The mission of the National Institute of Nursing Research (NINR) is to promote and improve the health of individuals, families, and communities. From premature infants, to adolescents living with diabetes, to elderly cancer survivors coping with pain, nursing research develops the science to help people strengthen the quality of their lives. Nursing science reaches out beyond the boundaries of disease and disciplines to better develop personalized approaches that maximize health and well-being for individuals at all stages of life, across populations and settings.
NINR is committed to supporting research on women’s health through a wide range of research initiatives and investigator-initiated research. The Institute’s research portfolio in women’s health spans a range of topics that affect men and women differently, as well as those that solely affect women. The portfolio consists of research and training grants focused on women’s health within NINR’s four areas of scientific focus: symptom science, wellness, self-management of chronic conditions, and end-of-life and palliative care research.
Advancing Careers for Women
The development of a strong cadre of nurse scientists has been a primary goal of NINR since its establishment. NINR, by the nature of the demographics of the nursing field, primarily funds female scientists. Across the span of their careers, NINR supports scientists through extramural grants, intramural funds, and training programs such as the Summer Genetics Institute, the Graduate Partnerships Program, and the Methodologies Boot Camp.
Research Conducted at NINR
Nurse scientists in the Division of Intramural Research (DIR) conduct research on symptom science and environmental influences on individual health outcomes, digestive disorders, cancer related fatigue, traumatic brain injury, and post-traumatic stress disorders as well as clinical interventions to alleviate these symptoms. DIR research includes some issues that disproportionately affect women such as digestive disorders and fibromyalgia.
Research Funded by NINR
NINR’s Division of Extramural Science Programs (DESP) offers funding opportunities in areas of research that will improve women’s health. NINR priorities include symptom science, wellness, self-management of chronic conditions, and end-of-life and palliative care.

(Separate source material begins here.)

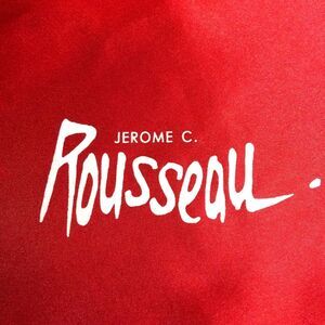 Jerome C. Rousseau red sating drawstring dust bag. White logo print. Perfect size for a pair of shoes, booties or medium purse. Minor imperfections in the satin shown in the last 2 pictures. Very minor ripples.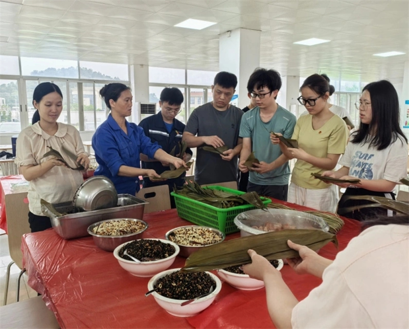 黨委副書記、工會主席鄭燕華帶領(lǐng)青年齊包粽子,現(xiàn)場粽葉飄香,大家圍在一起,互幫互助,折粽葉、添糯米、扎實線,歡聲笑語一片。此次此刻,粽葉化身“清廉衣”,糯米傳達“純粹白”,水草系緊“紀(jì)律繩”,大家紛紛拿出看家本領(lǐng),一個個飽含端午祝福,映襯廉潔過節(jié)的粽子誕生。

How Nursing Research Informs Women’s Health
Recent NINR-supported projects on pregnancy and the microbiome of mother and infants have led to advances in our understanding of these complex interactions on the health of the mother and child, as well as the prevention of problems arising from preterm birth and pregnancy complications.
Other research in women’s health examines health promotion during pregnancy to help prevent obesity and diabetes both during pregnancy and after pregnancy and in other periods of women’s lives.
The Institute also supports research on women’s health beyond topics associated with reproduction, focusing on chronic illness management, symptom science, and prevention. From the impact of genetics on blood pressure and breast cancer, to improving the experience of caregiving, to promoting physical activity and sleep, NINR research improves the health of women across the lifespan.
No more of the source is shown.